::: Data excerpts
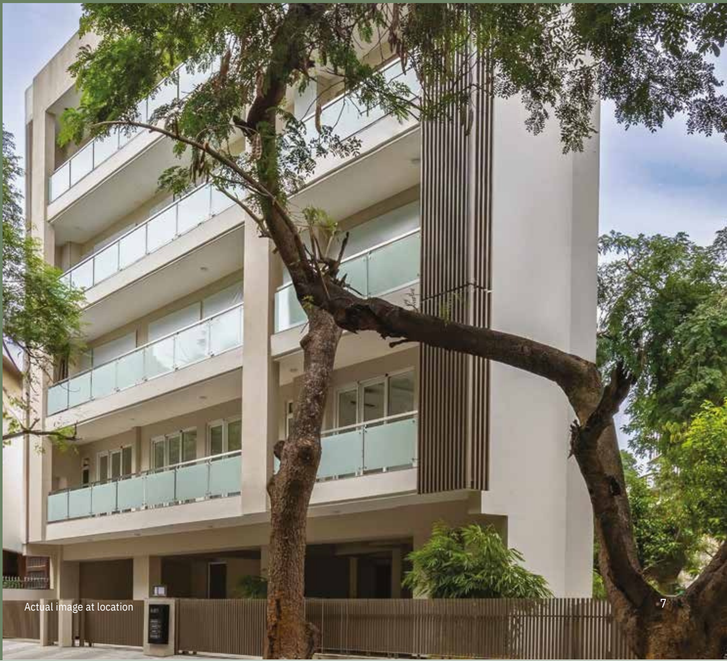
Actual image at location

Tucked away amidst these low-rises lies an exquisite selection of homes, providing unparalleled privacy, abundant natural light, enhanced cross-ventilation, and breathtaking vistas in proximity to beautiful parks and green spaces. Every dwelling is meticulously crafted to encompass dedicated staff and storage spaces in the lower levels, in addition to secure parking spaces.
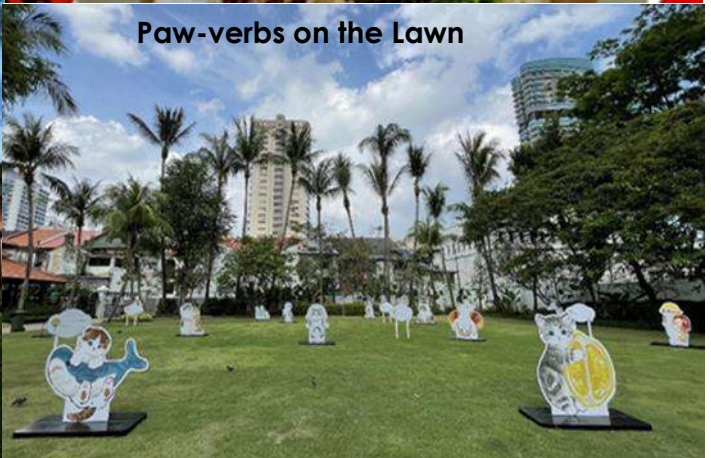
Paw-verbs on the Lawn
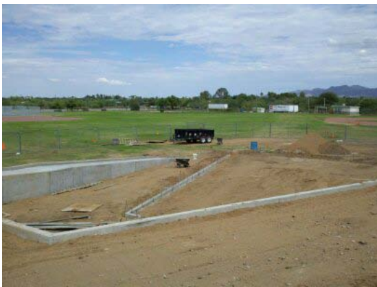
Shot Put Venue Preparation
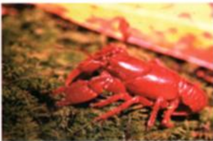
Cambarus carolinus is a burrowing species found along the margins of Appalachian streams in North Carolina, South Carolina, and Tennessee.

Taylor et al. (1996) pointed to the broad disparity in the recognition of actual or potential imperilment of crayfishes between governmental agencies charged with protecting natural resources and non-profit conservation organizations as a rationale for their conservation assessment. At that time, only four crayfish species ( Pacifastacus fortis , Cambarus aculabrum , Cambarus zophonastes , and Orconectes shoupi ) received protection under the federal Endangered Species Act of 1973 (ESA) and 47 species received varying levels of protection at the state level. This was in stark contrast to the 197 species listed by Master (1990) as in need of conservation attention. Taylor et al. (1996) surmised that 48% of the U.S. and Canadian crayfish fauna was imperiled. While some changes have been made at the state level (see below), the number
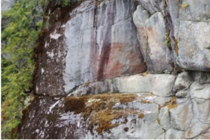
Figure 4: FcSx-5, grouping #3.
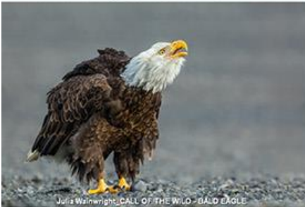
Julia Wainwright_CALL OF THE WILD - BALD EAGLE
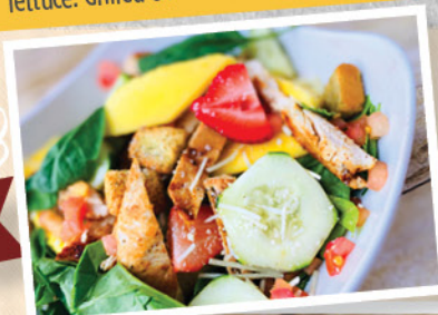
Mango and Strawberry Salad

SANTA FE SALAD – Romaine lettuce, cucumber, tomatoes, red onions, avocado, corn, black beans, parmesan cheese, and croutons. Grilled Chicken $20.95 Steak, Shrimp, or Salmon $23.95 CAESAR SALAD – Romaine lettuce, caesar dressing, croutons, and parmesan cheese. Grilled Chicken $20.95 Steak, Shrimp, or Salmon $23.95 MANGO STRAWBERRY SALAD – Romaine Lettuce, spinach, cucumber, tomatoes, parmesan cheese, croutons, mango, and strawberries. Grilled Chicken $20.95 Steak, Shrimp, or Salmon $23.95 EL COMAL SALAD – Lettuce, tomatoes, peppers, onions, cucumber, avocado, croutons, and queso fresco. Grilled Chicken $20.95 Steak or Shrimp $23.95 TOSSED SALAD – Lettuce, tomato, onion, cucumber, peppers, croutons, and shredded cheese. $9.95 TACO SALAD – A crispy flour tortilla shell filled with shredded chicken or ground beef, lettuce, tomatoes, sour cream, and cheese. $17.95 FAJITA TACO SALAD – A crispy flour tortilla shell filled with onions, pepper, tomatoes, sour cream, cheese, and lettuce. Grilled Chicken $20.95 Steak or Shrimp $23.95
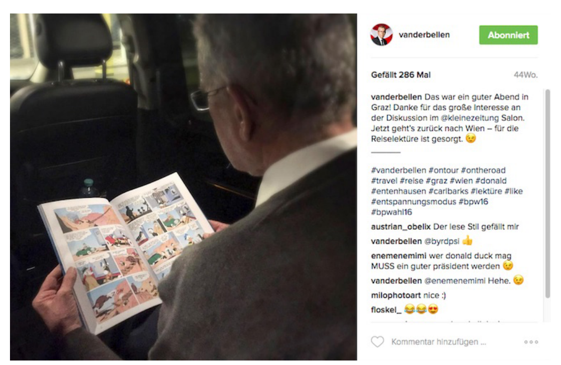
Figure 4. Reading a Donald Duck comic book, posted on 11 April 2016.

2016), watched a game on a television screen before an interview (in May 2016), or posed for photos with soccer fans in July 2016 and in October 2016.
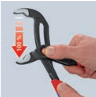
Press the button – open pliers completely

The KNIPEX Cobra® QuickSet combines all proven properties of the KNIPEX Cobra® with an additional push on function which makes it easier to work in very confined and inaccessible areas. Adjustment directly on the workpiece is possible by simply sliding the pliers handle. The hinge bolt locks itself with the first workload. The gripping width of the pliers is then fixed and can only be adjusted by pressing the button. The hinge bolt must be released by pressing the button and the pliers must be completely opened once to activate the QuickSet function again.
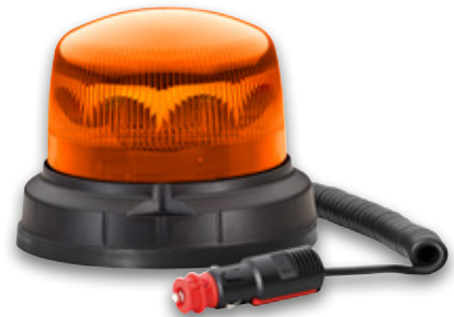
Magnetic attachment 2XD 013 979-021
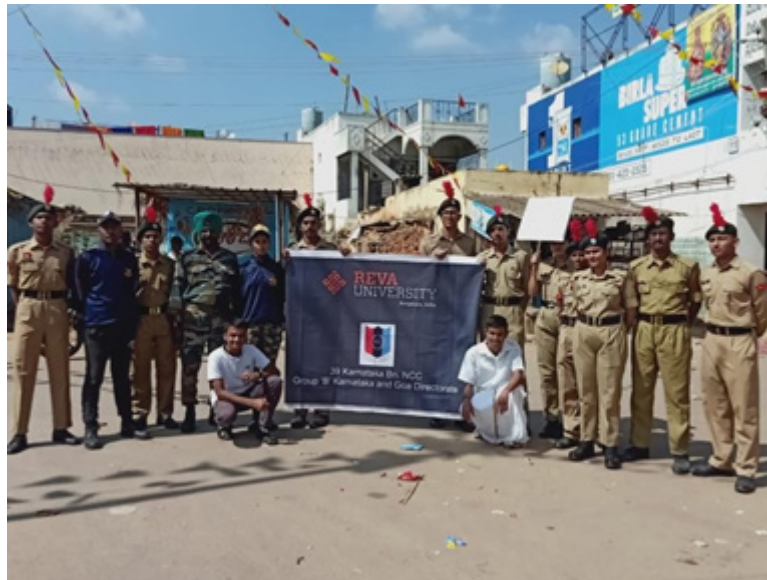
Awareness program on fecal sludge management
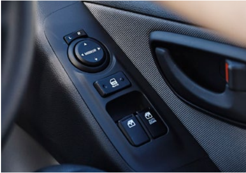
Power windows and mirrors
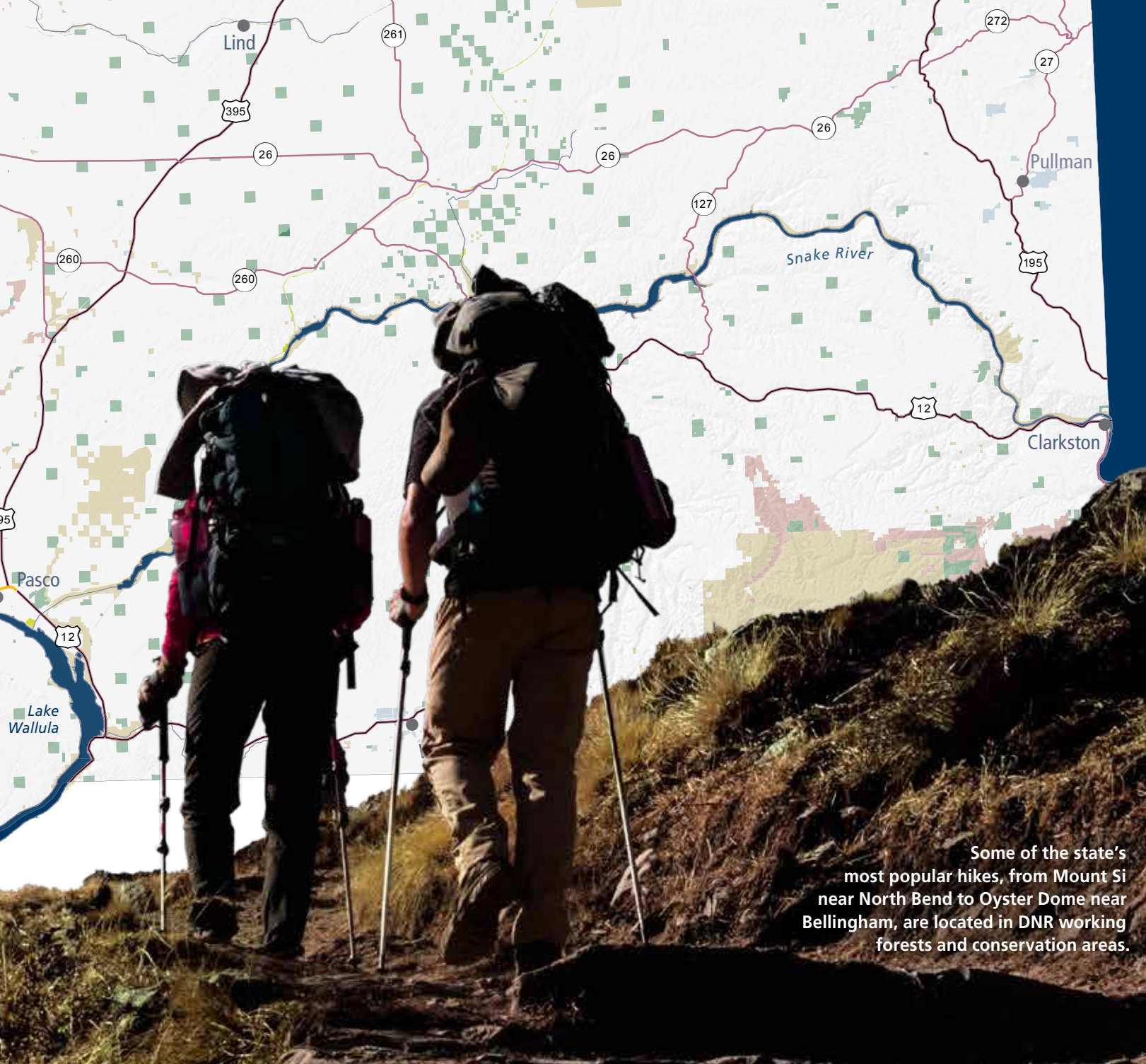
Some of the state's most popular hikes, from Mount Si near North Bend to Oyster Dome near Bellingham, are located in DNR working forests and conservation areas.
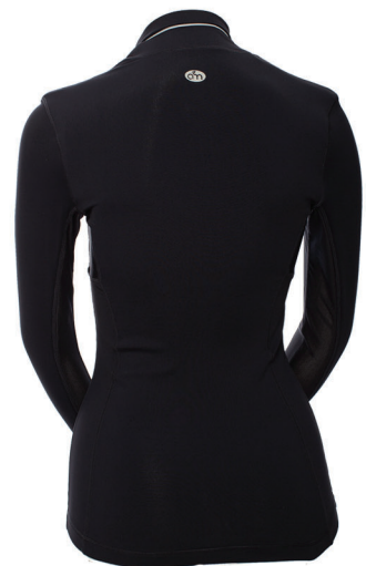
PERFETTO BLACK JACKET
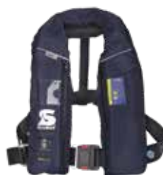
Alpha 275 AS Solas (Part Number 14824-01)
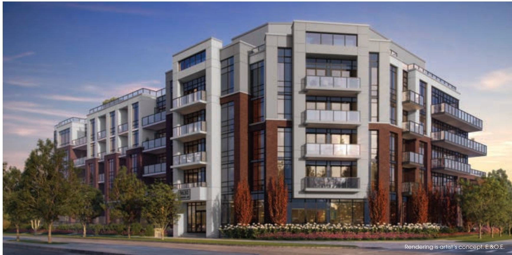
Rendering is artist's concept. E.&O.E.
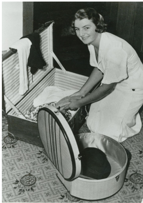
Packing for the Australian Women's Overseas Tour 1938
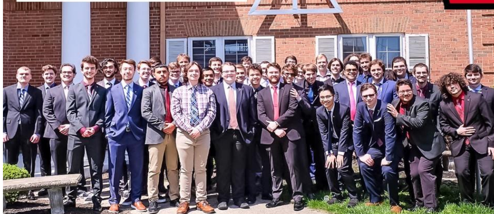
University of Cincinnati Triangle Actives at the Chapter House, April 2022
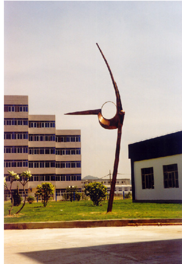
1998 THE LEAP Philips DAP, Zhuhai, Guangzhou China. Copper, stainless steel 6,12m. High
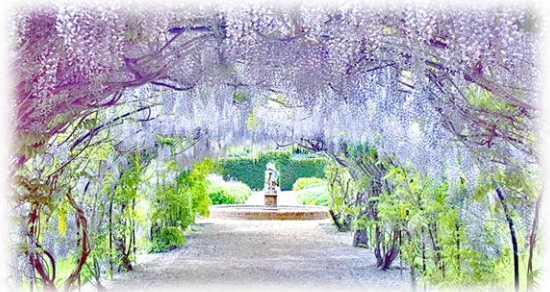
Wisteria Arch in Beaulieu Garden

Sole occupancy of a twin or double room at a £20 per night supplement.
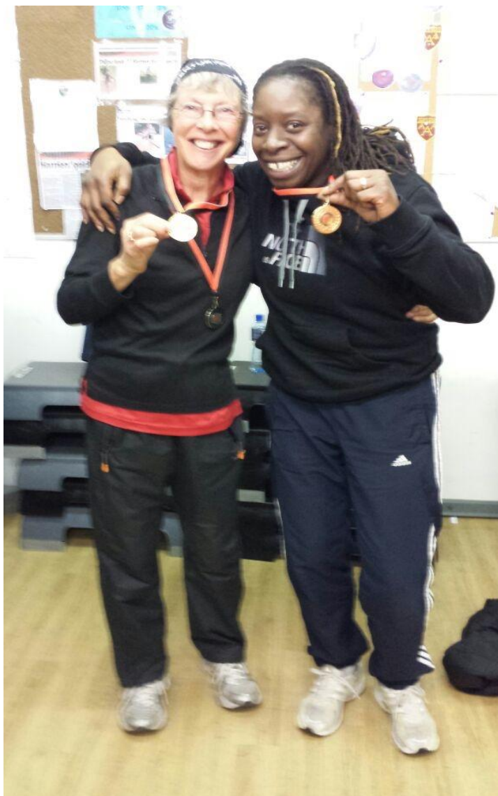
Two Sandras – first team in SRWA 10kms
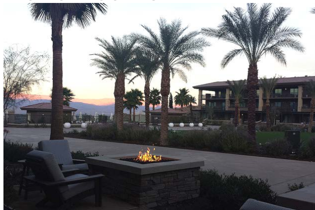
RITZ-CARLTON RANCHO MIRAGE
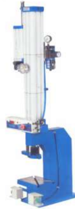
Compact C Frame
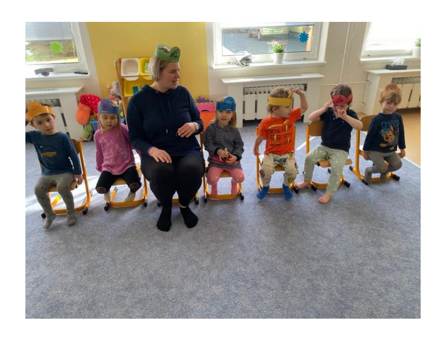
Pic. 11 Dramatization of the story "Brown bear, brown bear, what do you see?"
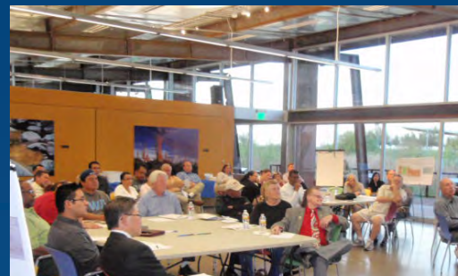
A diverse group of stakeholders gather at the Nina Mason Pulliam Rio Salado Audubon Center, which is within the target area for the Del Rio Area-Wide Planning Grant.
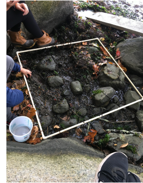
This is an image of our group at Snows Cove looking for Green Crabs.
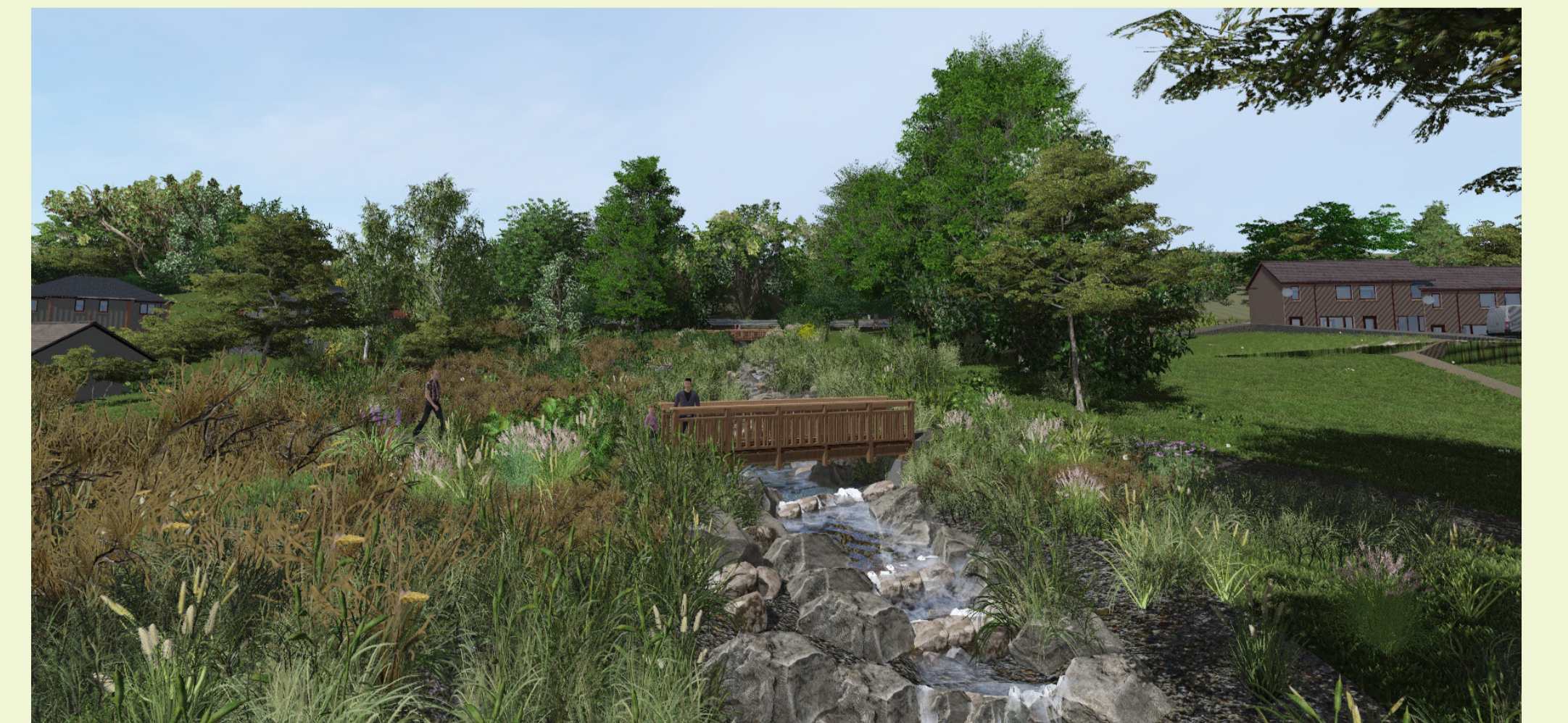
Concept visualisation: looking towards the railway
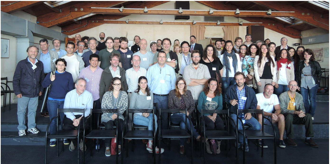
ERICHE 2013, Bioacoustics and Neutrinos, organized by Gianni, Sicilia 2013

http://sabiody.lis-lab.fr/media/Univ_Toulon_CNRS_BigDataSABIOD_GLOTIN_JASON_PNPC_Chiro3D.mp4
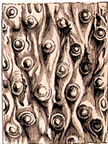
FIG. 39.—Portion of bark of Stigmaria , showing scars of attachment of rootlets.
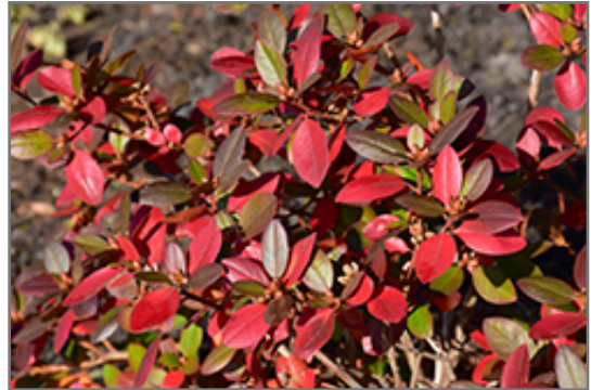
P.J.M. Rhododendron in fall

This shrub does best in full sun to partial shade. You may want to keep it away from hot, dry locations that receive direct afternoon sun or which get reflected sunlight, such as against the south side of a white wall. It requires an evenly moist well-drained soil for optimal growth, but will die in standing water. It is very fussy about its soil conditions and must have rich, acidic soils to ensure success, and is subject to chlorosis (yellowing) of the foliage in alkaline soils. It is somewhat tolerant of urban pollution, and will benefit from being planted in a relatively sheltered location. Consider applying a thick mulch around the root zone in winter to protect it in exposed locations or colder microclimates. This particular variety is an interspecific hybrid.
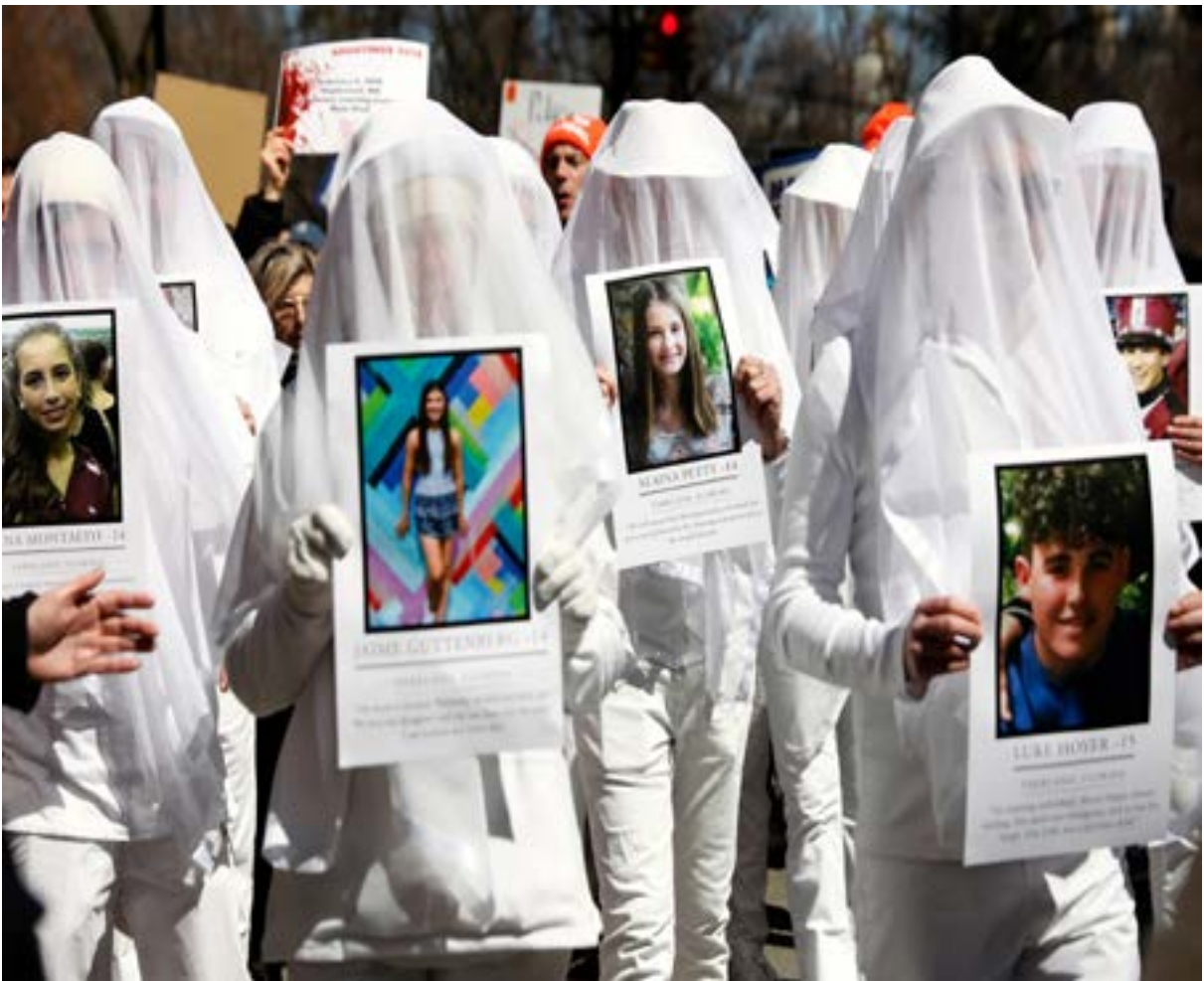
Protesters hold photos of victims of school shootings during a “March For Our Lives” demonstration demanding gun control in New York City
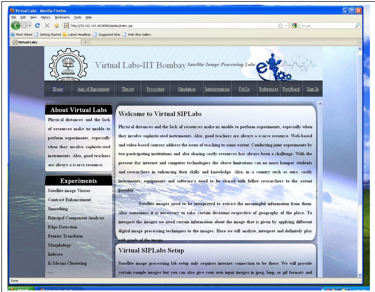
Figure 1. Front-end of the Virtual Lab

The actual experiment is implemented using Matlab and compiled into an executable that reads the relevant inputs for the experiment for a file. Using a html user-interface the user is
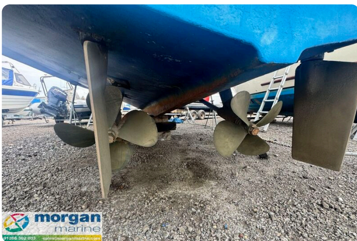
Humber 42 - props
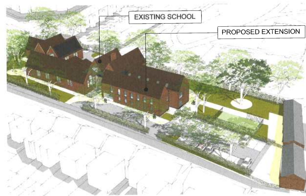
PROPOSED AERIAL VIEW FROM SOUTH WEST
::::::
▶ [Aim of the task]: Exactly as written above, retype the lines starting at the one holding "2016), watched a" and ending at the one holding "Press the button – open pliers completely", both included, but not the pictures.

▶ [Written answer]:
2016), watched a game on a television screen before an interview (in May 2016), or posed for photos with soccer fans in July 2016 and in October 2016.
Press the button – open pliers completely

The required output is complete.